OpenPi π₀.₅ on Jetson Thor
Deploy Physical Intelligence's OpenPi π₀.₅ Vision-Language-Action (VLA) model on NVIDIA Jetson AGX Thor with TensorRT NVFP4 quantization for low-latency end-to-end inference.
Deploy Physical Intelligence’s OpenPi π₀.₅ Vision-Language-Action (VLA) model on NVIDIA Jetson AGX Thor with TensorRT NVFP4 quantization for low-latency end-to-end inference.
What is OpenPi π₀.₅?
OpenPi is Physical Intelligence’s open-source robotics model repository. The π₀.₅ model is a flow-matching Vision-Language-Action (VLA) model pre-trained on 10,000+ hours of robot data. It takes camera images and a natural-language instruction as input and outputs robot actions — enabling language-conditioned robotic manipulation.

Why Jetson AGX Thor?
VLA models are computationally demanding, they fuse vision encoders, language models and action decoders into a single pipeline that must run at real-time control rates. Jetson AGX Thor brings Blackwell-class GPU compute with up to 128GB of unified memory, giving it the headroom to run these large multimodal models entirely on-device. Combined with TensorRT acceleration and FP8/NVFP4 precision support, Thor can deliver the throughput needed for closed-loop robotic control without relying on a separate GPU server.

Pipeline Overview
JAX Checkpoint ──► PyTorch ──► ONNX (FP8 + NVFP4) ──► TensorRT Engine ──► Inference
| Stage | What happens |
|---|---|
| 1. JAX → PyTorch | Convert original JAX/Flax weights to PyTorch SafeTensors |
| 2. PyTorch → ONNX | Export with FP8/NVFP4 quantization via NVIDIA ModelOpt |
| 3. ONNX → TensorRT | Compile optimized engine with trtexec |
| 4. Inference | Run the TensorRT engine for low-latency inference |
Performance
Benchmarked on Jetson AGX Thor Developer Kit (JetPack 7.x, MAXN power mode):
| Inference Backend | Total Latency (ms) | Model Latency (ms) | Speedup |
|---|---|---|---|
| PyTorch BF16 | ~163 | ~158 | 1.0x |
| TensorRT FP8 | ~95 | ~91 | 1.71x |
| TensorRT FP8 + NVFP4 | ~94 | ~90 | 1.73x |
Prerequisites
Hardware
- NVIDIA Jetson AGX Thor Developer Kit
- NVMe SSD recommended (model weights are ~6 GB+)
Software
| Component | Required Version |
|---|---|
| JetPack | 7.x (L4T R38.x) — tested with JP 7.0 and 7.1 |
| CUDA | 13.0 |
| Docker | 28.x+ |
| NVIDIA Container Toolkit | 1.18+ |
Check your setup:
cat /etc/nv_tegra_release # Should show R38 nvidia-smi # Should show CUDA 13.0, Thor GPU docker --version # Docker 28.x dpkg-query -W nvidia-container-toolkit
Step 1: Set Jetson to Maximum Performance
Boost all clocks and disable GPU power gating for consistent benchmark results.

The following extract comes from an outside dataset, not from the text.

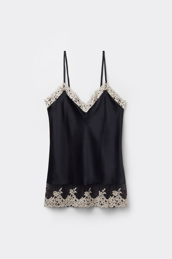 hedvábné saténové tílko s výstřihem do V vpředu i vzadu, zdobené krajkovými vložkami u výstřihu a na lemu. v závislosti na zvolené barvě může být krajka kontrastní nebo tón v tónu. plně nastavitelné tenké hedvábné ramínka. regular fit.

# Set maximum performance power mode
sudo nvpmodel -m 0
# Lock all clocks to maximum frequency
sudo jetson_clocks
# Disable GPU railgate
sudo sh -c 'echo on > /sys/bus/pci/devices/0000:01:00.0/power/control'
Verify with:
sudo jetson_clocks --show
Step 2: Clone the OpenPi Repository
The deployment scripts in this tutorial were tested against a specific commit of the OpenPi repo. Pin to that commit for reproducibility:
git clone --recurse-submodules https://github.com/Physical-Intelligence/openpi.git
cd openpi
git checkout 175f89c3
Tip: You can try the latest
mainbranch (git checkout main) if you want the newest features, but if something breaks during conversion or export, fall back to the pinned commit above.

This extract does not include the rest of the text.